Reforma a la constitución de Japón

El lema de Junichiro Koizumi cuando se convirtió en primer ministro hace cinco años fue "reforma sin vacas sagradas" y ninguna vaca es más sagrada aquí que nuestra Constitución de la "paz". Por lo tanto, no debería ser una sorpresa que, a medida que Koizumi llega al final de su segundo y último período de gobierno, sus esfuerzos por reformar la Constitución para permitir que Japón defienda más eficientemente la paz mundial estén cobrando impulso.

A mediados de abril, el Comité de Revisión de la Constitución de la Cámara de Representantes del Japón, emitió un informe final sobre los problemas básicos a que se enfrenta la Constitución del país y lo envió al Presidente de la Dieta. Dentro de poco, la Cámara de Consejeros emitirá un informe final. Además, están en curso discusiones sobre la reforma constitucional, tanto al interior del gobernante Partido Democrático Liberal (con el propio Koizumi a cargo) como en el Partido Democrático de la oposición.

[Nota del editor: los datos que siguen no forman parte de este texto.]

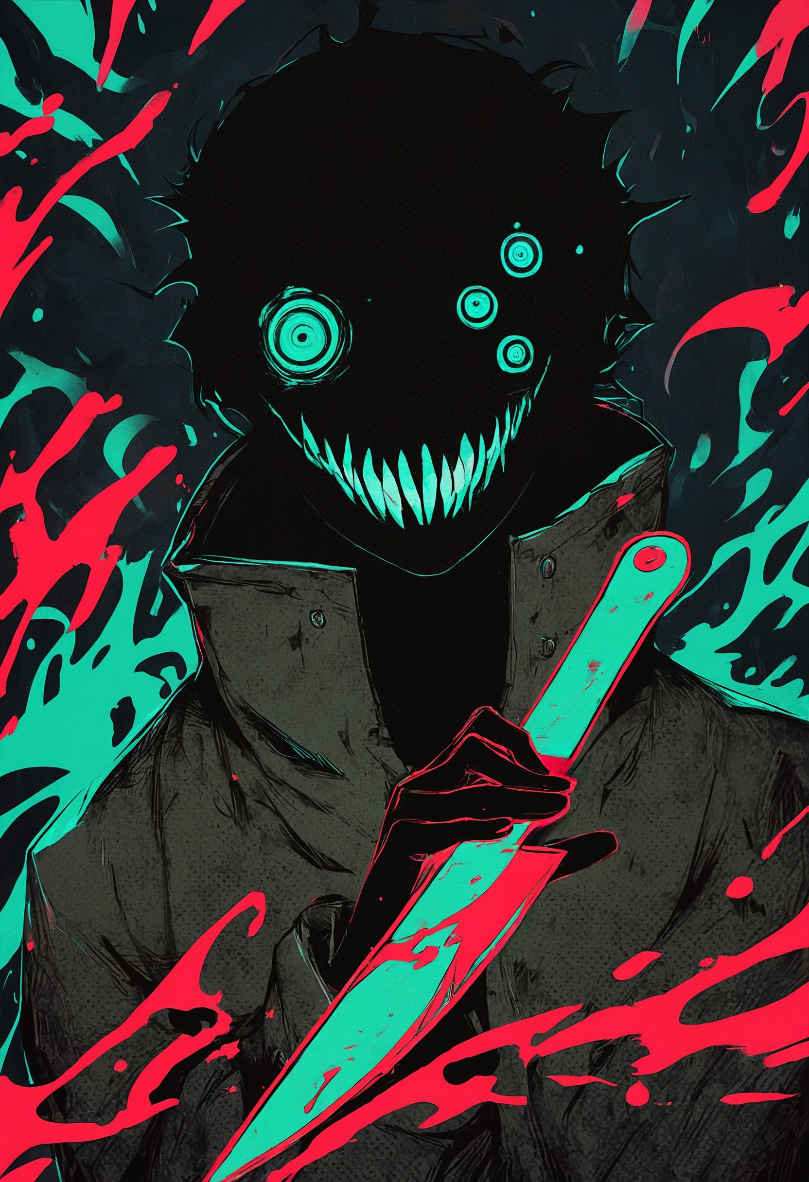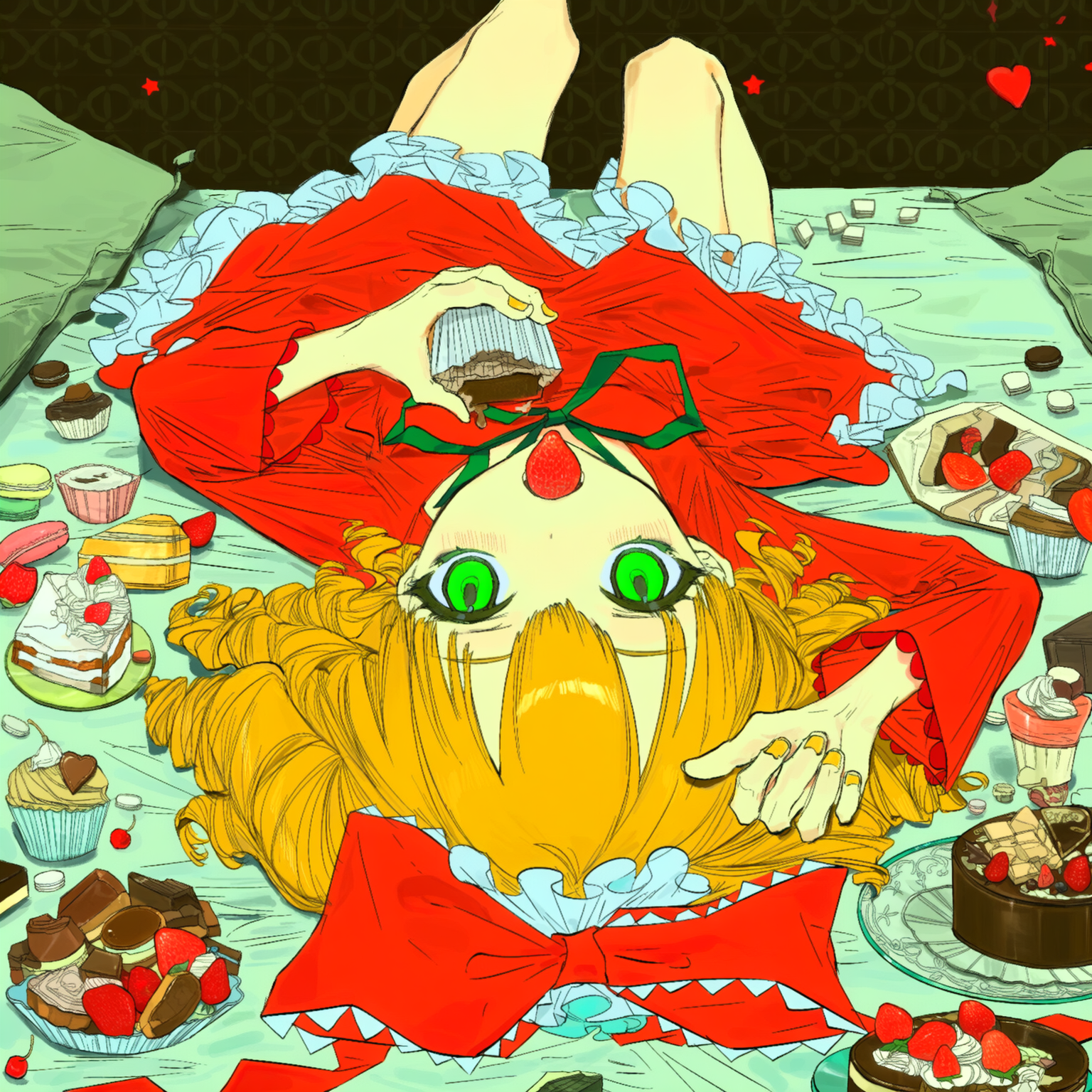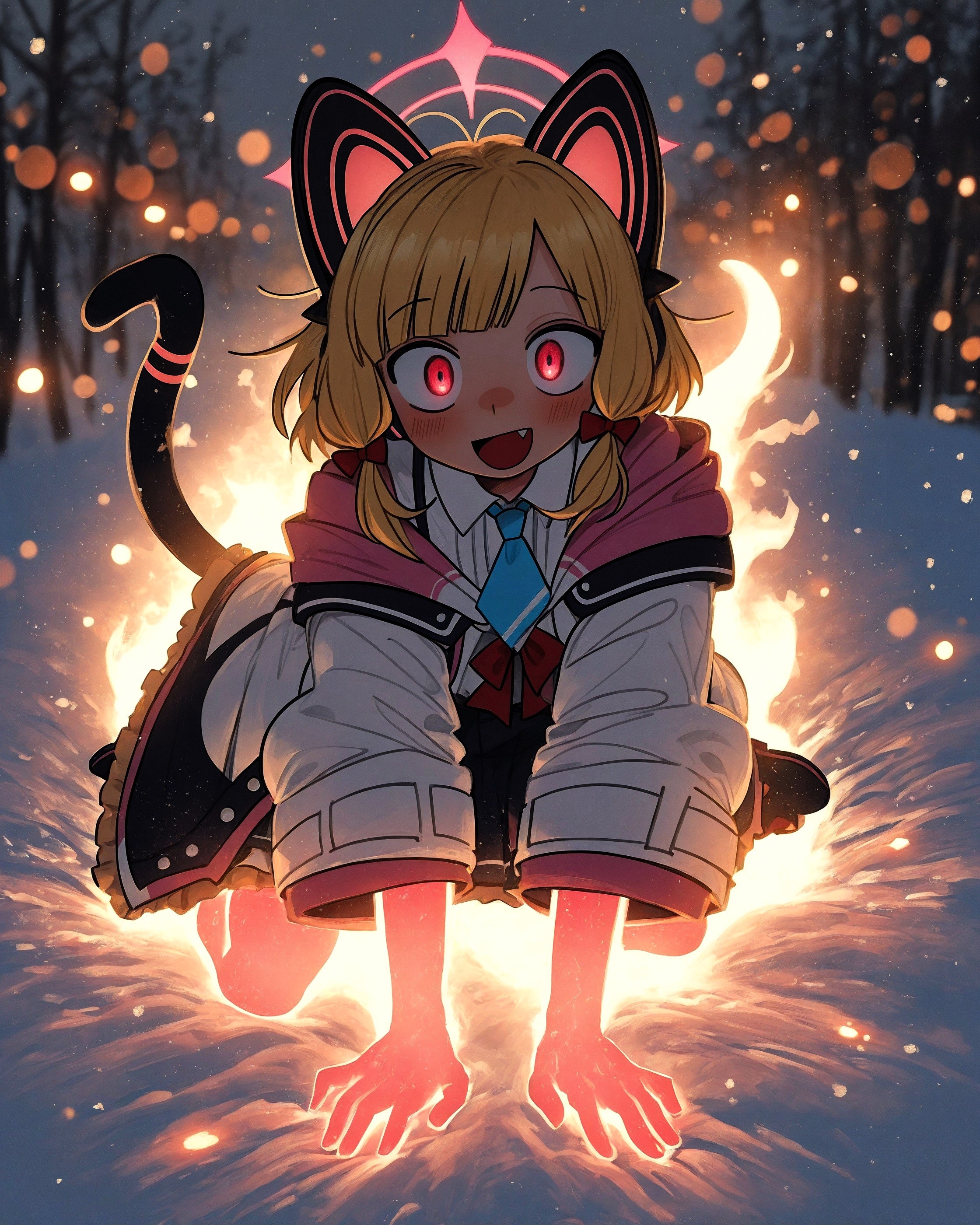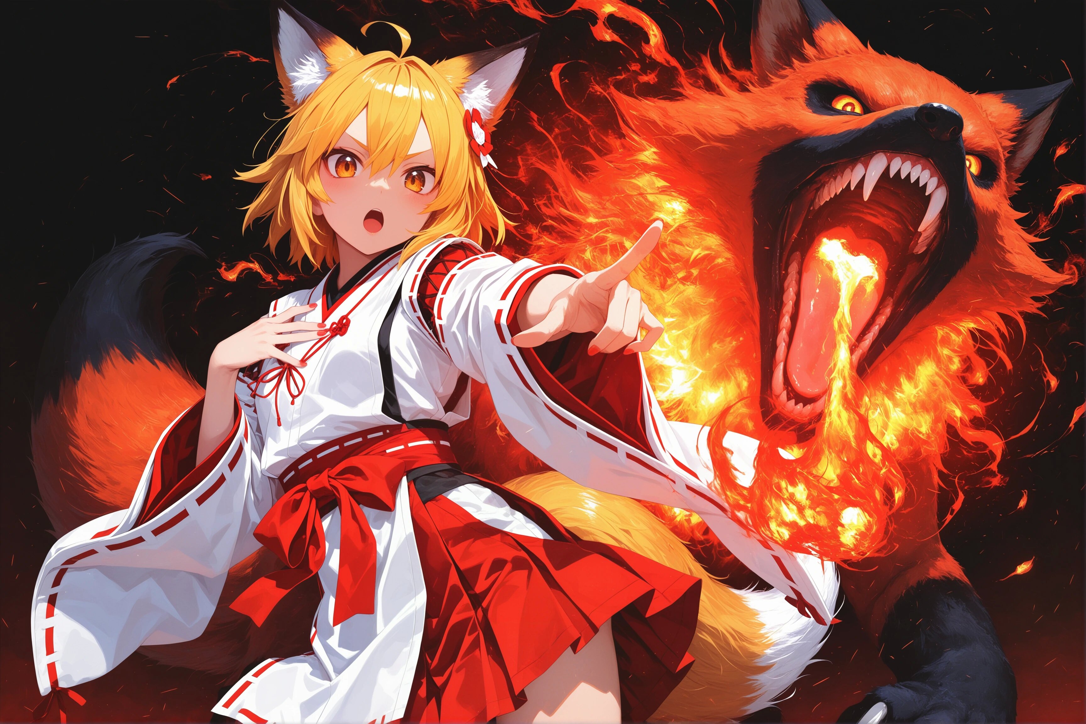 Из джойкопшен в квине. This is an anime-style digital illustration featuring a young girl with red twin pigtails adorned with white bows, fair skin, and large expressive red eyes. She is dressed in a dark teal school uniform with red accents and a white frilled skirt. Her expression is determined and intense, with her mouth slightly open, showing white teeth. She has her right hand pointing forward with a firm grip, while her left hand is positioned near her chest. Beside her, a dynamic, fox-like Pokémon with orange-red fur, large fluffy tails, and pointed ears is mid-leap, breathing a bright red-orange flame from its mouth. The Pokémon's fiery breath illuminates the surrounding area, adding intensity and movement to the scene. The background is a gradient of dark red to black, which enhances the contrast and focus on the characters. The girl's uniform has red buttons and trim, and her skirt has a white frill at the bottom. The Pokémon's fur is detailed with visible shading and texture, and its eyes are wide open with a fierce expression. Overall, the illustration uses bold lines and vibrant colors typical of anime art, with a strong emphasis on action and energy. The composition is dynamic, drawing the viewer's attention to the interaction between the girl and the Pokémon. The artist's style emphasizes dramatic expressions and dynamic poses, characteristic of anime illustrations.

El sector privado y los principales medios de comunicación, como el influyente periódico Yomiuri Shimbun, se han unido a las discusiones. Los demócratas liberales pretenden tener listo el borrador de sus enmiendas constitucionales para el 50 aniversario de la fundación del partido en noviembre próximo. Aunque casi todos coinciden en que la constitución requiere algunas enmiendas, ha sido difícil lograr un acuerdo sobre qué es lo que se tiene que hacer. En efecto, los demócratas liberales están tan divididos como todos los demás.